The Nevada section of US-50 is a particularly extreme case:

> In the stretch of highway between Fallon and Delta, Utah, a span of 409 miles (658 km), there are three small towns: Austin, Eureka, and Ely. This span is roughly the same distance as Boston, Massachusetts, to Baltimore, Maryland, or Paris, France, to Zürich, Switzerland.

Also known as the "Loneliest Road in America".

[0]: https://en.wikipedia.org/wiki/U.S._Route_50_in_Nevada

   Eyre Highway runs east from Norseman in Western Australia for 1,200 kilometres (750 mi) across the Nullarbor Plain to Ceduna, South Australia.

   It then crosses the top of the Eyre Peninsula as it continues eastwards for 470 kilometres (290 mi), before reaching Port Augusta.
https://en.wikipedia.org/wiki/Eyre_Highway
Siberia has entered the chat

The Kolyma Highway (aka Road of Bones) runs through over 2000 km of basically nothing, including the coldest place on Earth outside Antarctica.

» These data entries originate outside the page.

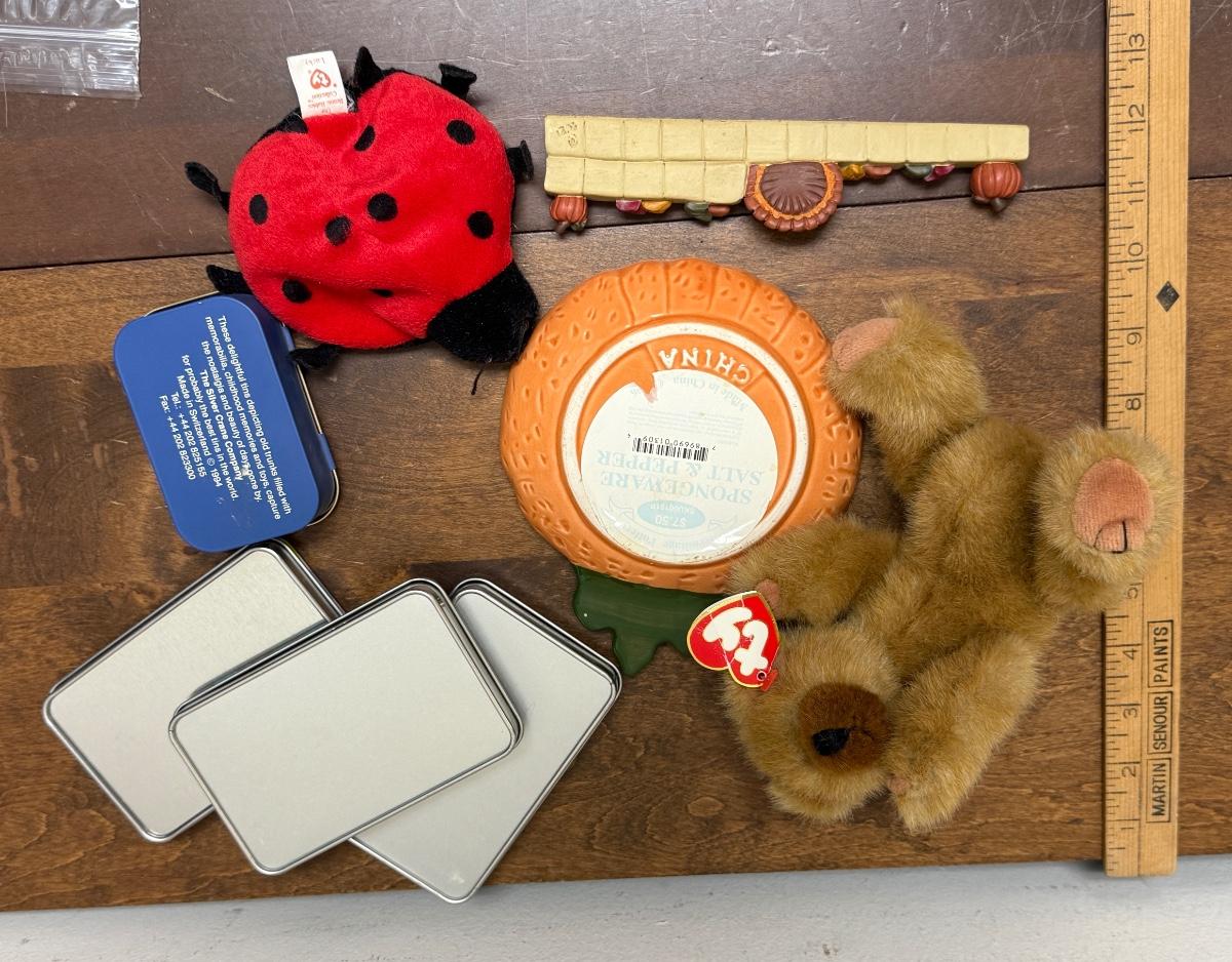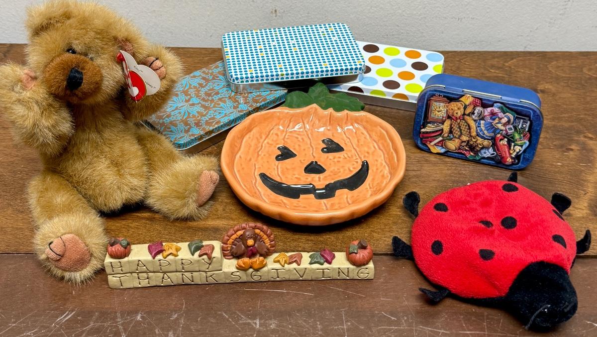 Misc Lot - cans, Halloween plate, Ladybug, Bear, Thanksgiving decor, etc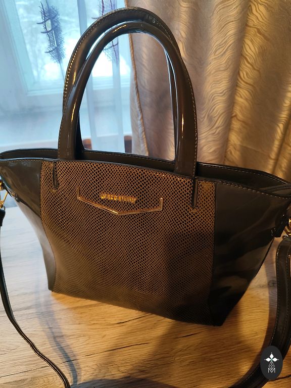 Pārdodu praktiski jaunu firmas Marina Galanti lielas ietilpības somu melnā krāsā.Somai priekšā ir liels nodalījums ar rāvējslēdzēju, aizmugurē mazāks nodalījums.Somas platums ir 54 cm, augstums 30 cm.Somu var nēsāt uz rokas vai pleca, garā pleca siksna nav paredzēta.Sūtu uz pakomātu, klātienē netiekos, pārdoto preci atpakaļ nepieņemu, sūtīšanas izmaksas sedz pircējs, pretenzijas neuzklausu.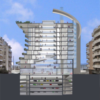 Rendering | Spaccato prospettico di un edificio multipiano ad Atene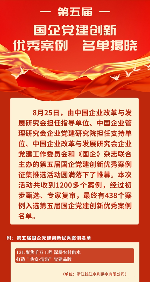 喜報(bào)!錢江水利一黨建品牌入選“第五屆國企黨建創(chuàng)新優(yōu)秀案例名單…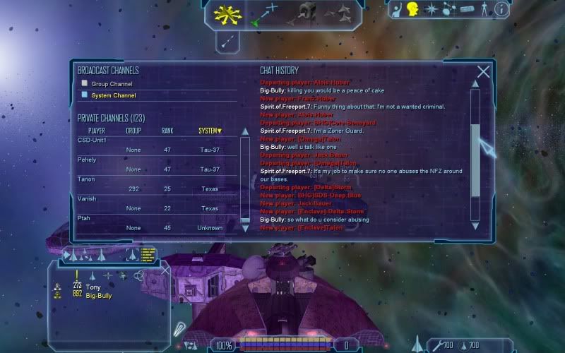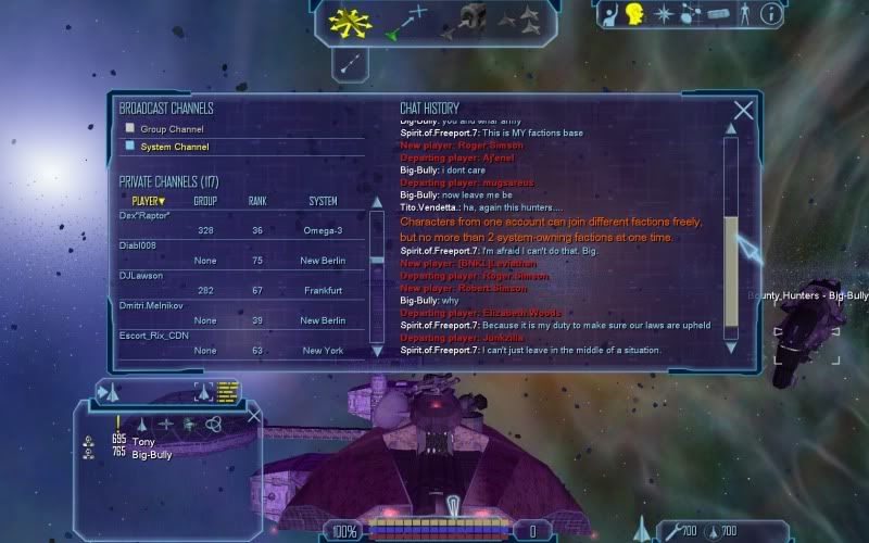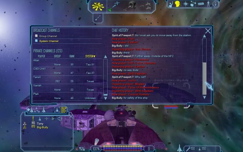 Unfortunatly, our new Guncam jiggled loose during combat, so I do not have visual evidence of Patos's destruction, but it did take place.... right across the bow of a TAZ member. Sorry about that Dulcinea, hope you didn't get hit by shrapnel or anything.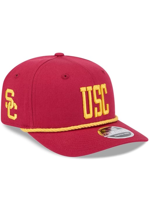 Product Details Product Details New Era Cotton Wordmark 9SEVENTY Stretch SnapFront embroidered team wordmarkTeam color rope on top of visorSide embroidered team logoSide New Era flagBack plastic snap closureCottonCurved BillLow CrownStructuredWipe clean with cloth or cleaning kitImported Officially Licensed This Red Trojans Adjustable Hat features a front embroidered team logo.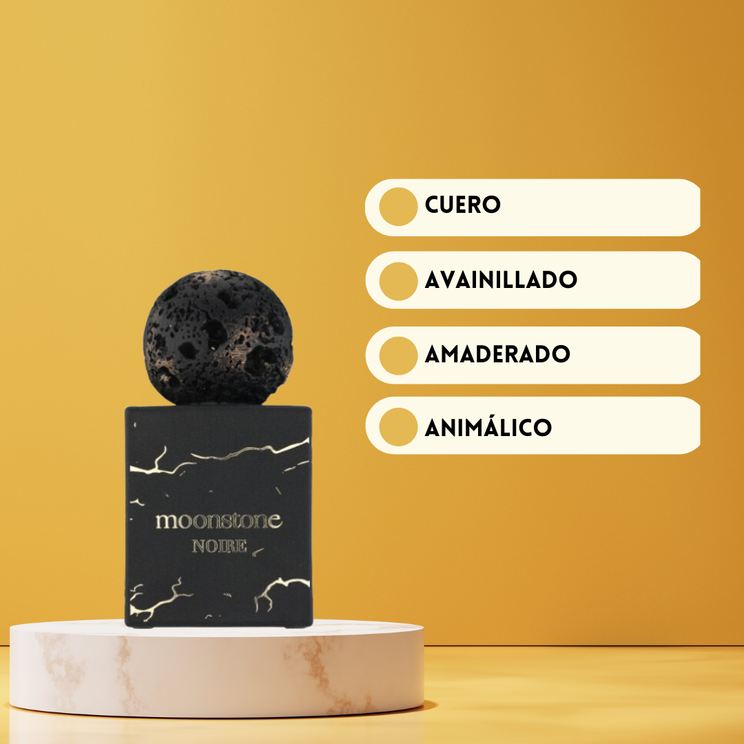 Desde las primeras notas, Moonstone Noire envuelve con un acorde ahumado que establece un tono intrigante. En el corazón, el cedro y el vetiver aportan una frescura terrosa y refinada. Finalmente, la base revela una combinación cálida y sensual de vainilla, cuero y oud blanco, dejando una estela duradera y envolvente.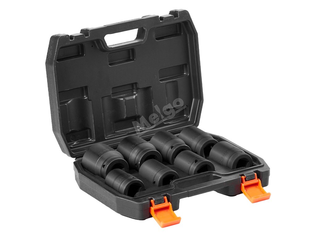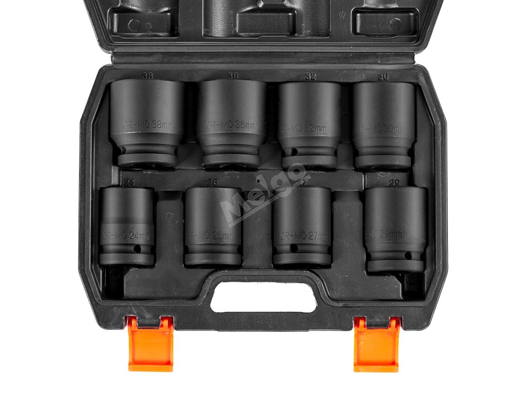 Sada nástrčných hlavic na matice vřeten obsahuje hlavice o velikostech 24 mm, 26 mm, 27 mm, 29 mm, 30 mm, 32 mm, 36 mm a 38 mm, které jsou ideální pro účinné utahování matic a šroubů náprav.
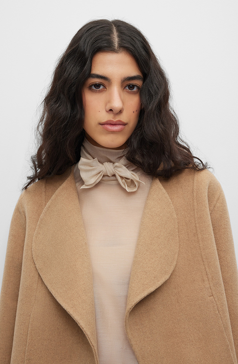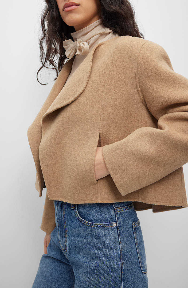 Пальто прямого кроя укороченной длины до линии талии из шерстяной ткани с добавлением кашемира. Модель с воротником с полукруглыми отворотами и двумя прорезными карманами по бокам. Лаконичный дизайн без лишних деталей подчеркивает чистоту линий силуэта. Рукава классической длины завершают сбалансированную пропорцию. Плотная ткань с кашемировой составляющей обладает высокой теплоизоляцией и мягкой драпировкой. Материал сохраняет форму, устойчив к сминанию и обеспечивает комфорт при ношении. Пальто сочетается с платьями-миди и брюками-скинни, водолазками и объемными джемперами. Хорошо комбинируется с обувью на каблуке и кожаными аксессуарами. Подходит для деловой среды, городских прогулок и вечерних выходов.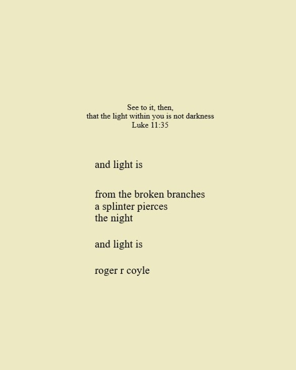 Some call me son, brother, godfather, cousin, uncle, writer, author, veteran, and friend. That may be true, but mostly I am me - a unique human being who has run the race of life through many different forests, down many roaring rivers and along some tangled paths. All in all it has been a good journey of growth and expansion of self. I am a lover of family, animals, food, laughs, poetry, books, compassionate people and chasing the light. My first journey into writing is Quiet Thoughts: Written Reflections. It is a book of poems and reflections - a small flicker of light into my life journey. I currently reside in Emmaus, PA and enjoy all that the Lehigh Valley has to offer. View all posts by rogerrcoyle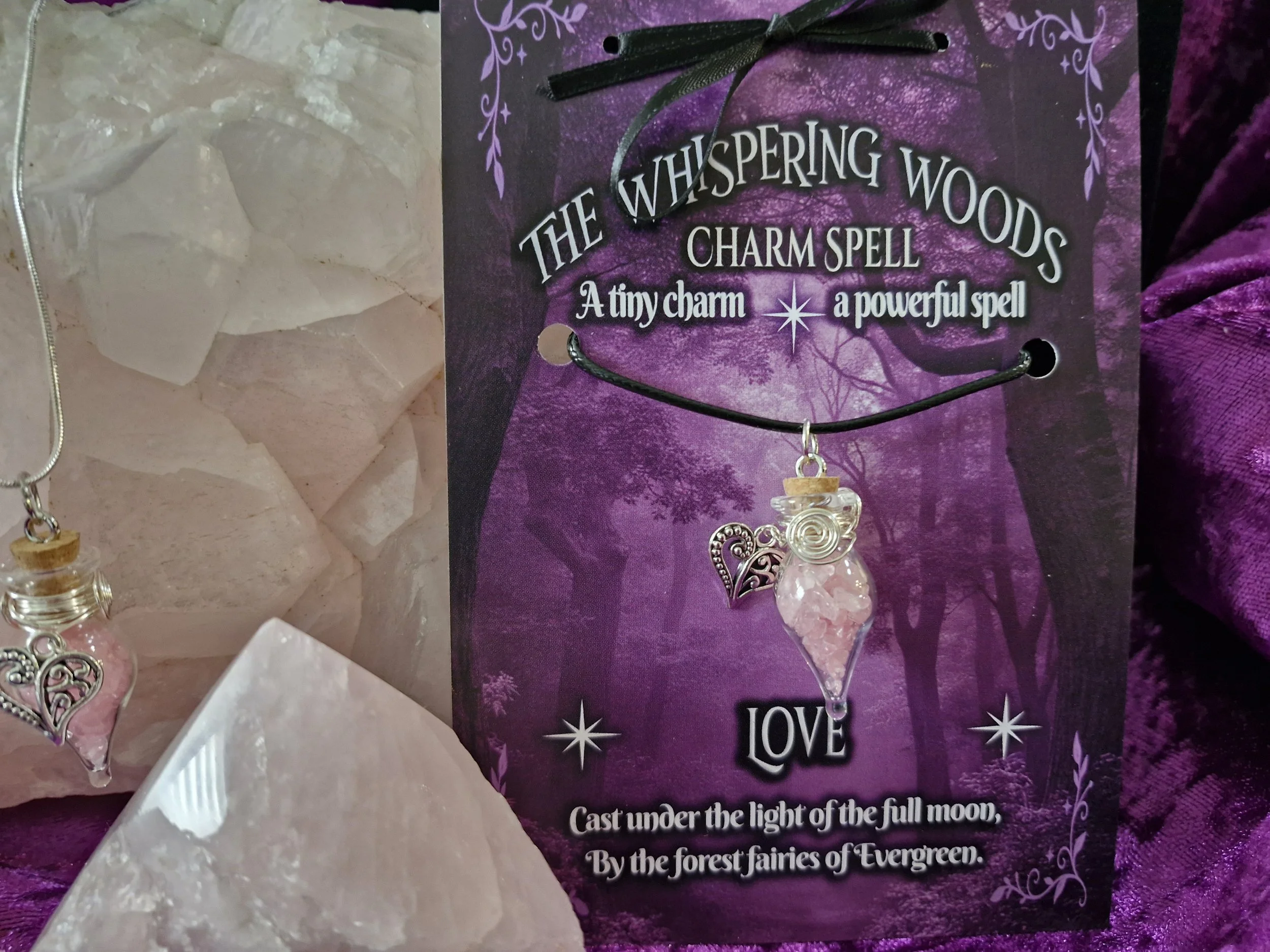Symbolic charm necklaces inspired by the quiet magic of the forest. Each piece holds a tiny crystal vial and a Whispering Woods spell to focus intention and invite a whisper of everyday magic.

https://en.wikipedia.org/wiki/R504_Kolyma_Highway

And they're building another 2300 km:

https://en.wikipedia.org/wiki/Anadyr_Highway

My wife and I drove that a few years ago on our NY-to-SF trip, and it was a truly memorable experience. And somewhere out in the desert you'd see a tiny wooden house left by a settler; we knew there was another town a few tens of miles further on and that we could be rescued if we broke down, but those early settlers... I can't get my head around that.